At the end of the letter we’ve been reading, Paul says,

Therefore be imitators of God, as beloved children, and walk in love, as Christ loved us and gave himself up for us, a fragrant offering and sacrifice to God.

Ephesians 5:1-2

Jesus is our example not only in his way of living but in his way of giving. He is fully who God intends for him to be. And he is content to be God’s delight, and to reflect, in every possible way, God’s character and heart for the world. 

This past year, I did something I’ve wanted to do for a long time: I wrote a book. I’ve mentioned it here before, and I promise I’m not trying to sell it to you! It doesn’t even exist beyond a Google doc on my computer. But one of the strange things about the process of working on it was that, just like I’ve heard other authors say my whole life, my characters really did get away from me. I wrote them, I plotted out their stories, but then–as I kept going–they seemed to acquire wills of their own. They said things I didn’t intend for them to say and did things I didn’t intend for them to do. By the halfway point in my story, I realized I was going to have to rework and replan everything if I was going to keep them inside of things. And so that’s what I did: the book became something I didn’t think it would become, because, well, I fell in love with them… and I realized I would do anything, write anything, so long as it meant seeing them go where they needed to go. So long as it kept them in the story. The whole process became organic, in an odd and unexpected way, and the point stopped being about getting to the end and started to be letting them live… because, ultimately, I was writing a book because I was trying to share who I am, how I feel, with other people. My characters were little windows into that, and by letting them grow, I sensed they were becoming more true… and making my heart more visible.

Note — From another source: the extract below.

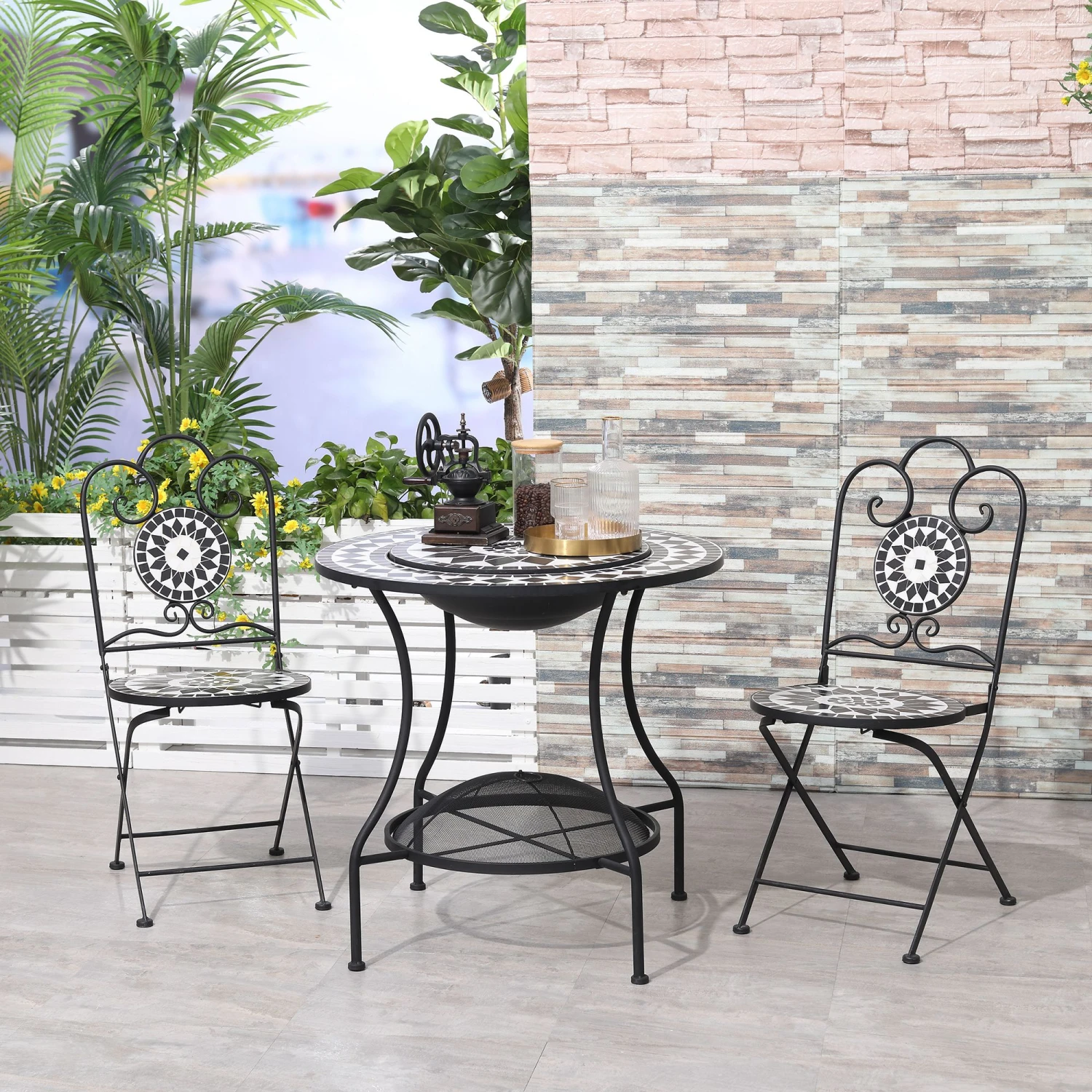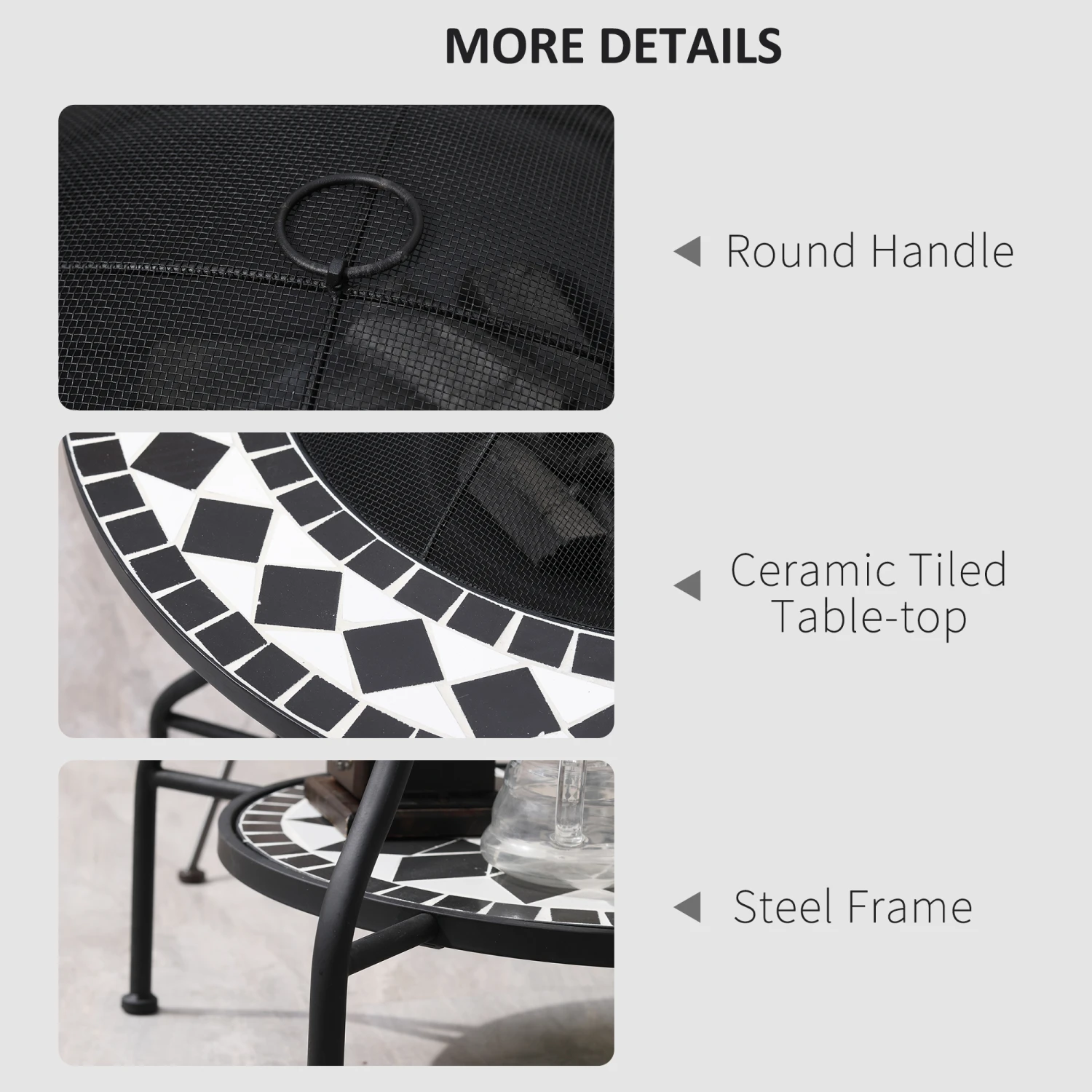 - – Outdoor-ready steel and lovely mosaic tile ceramic top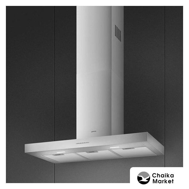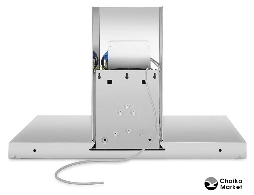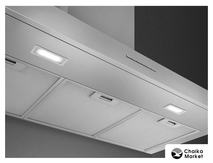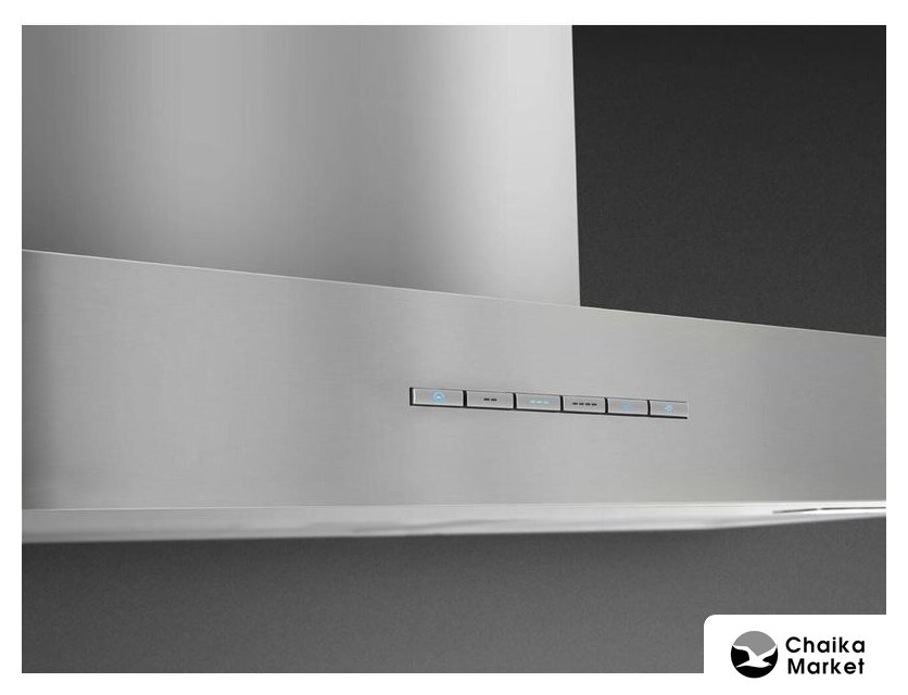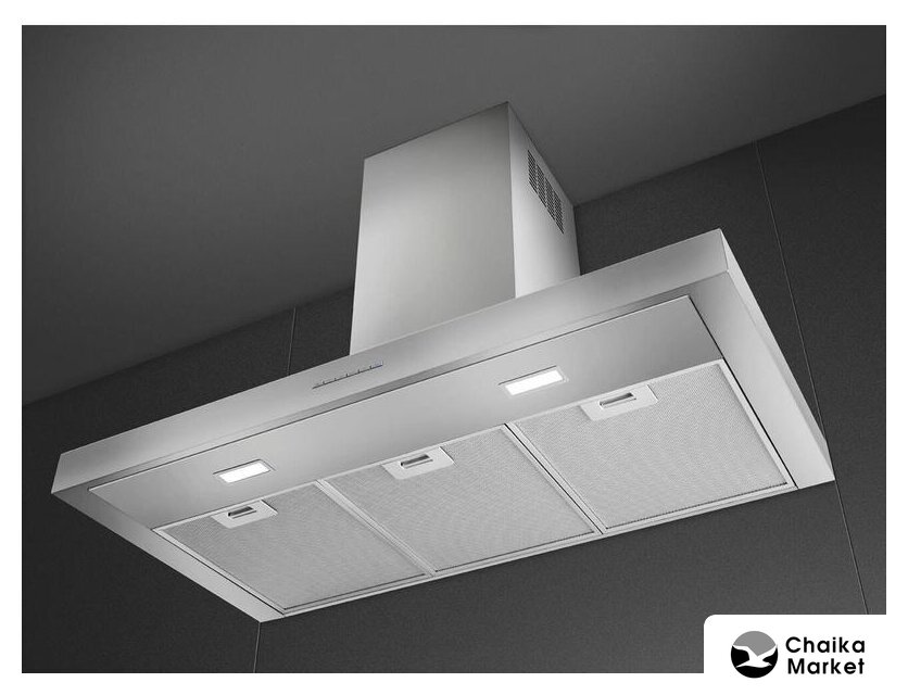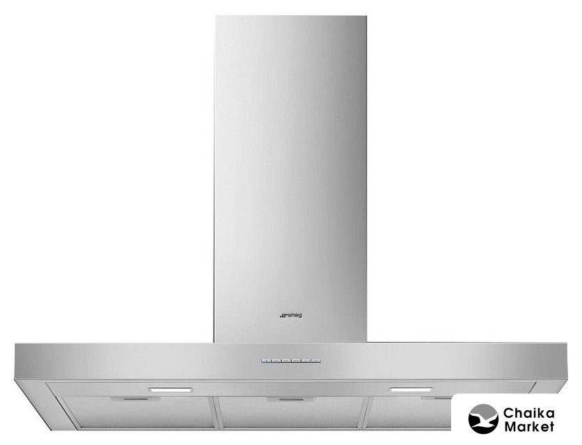 конструкция Т-образная, монтаж настенный, ширина 119.8 см, управление кнопочное, производительность вытяжки 450 м³/ч, цвет нержавеющая сталь

This isn’t a perfect illustration because, well, I’m not a perfect writer! But what I learned was that being a perfect writer isn’t about having total control, it’s about nurturing life in something. Guiding it and growing it. Our question today was “what is God’s purpose in bringing us together?” I don’t think there’s a singular answer to that: it’s not just to save us from sin, or to build us into a Church on mission (although those things are part of it!). It must also be to cultivate living examples of God’s nature in the world… and God’s nature is loving, and creative, and gracious, and forgiving, and just, and transformative, and good. The thing, though, is that none of those things can exist in a vacuum. They can’t exist on their own: they flourish when people are together

Maybe this is, in a diverse and complicated and beautiful way, what we’re here for: to be God’s people. Living, connecting, working, loving, forgiving, stretching, and becoming the body of his Son, of Himself, in the world. Together, but not for our own sakes, or even merely the world’s sake, but for his sake: that his children might know him and be known by him. Delight in him, and be sources of his delight. 

It’s not the only answer. But it’s a start.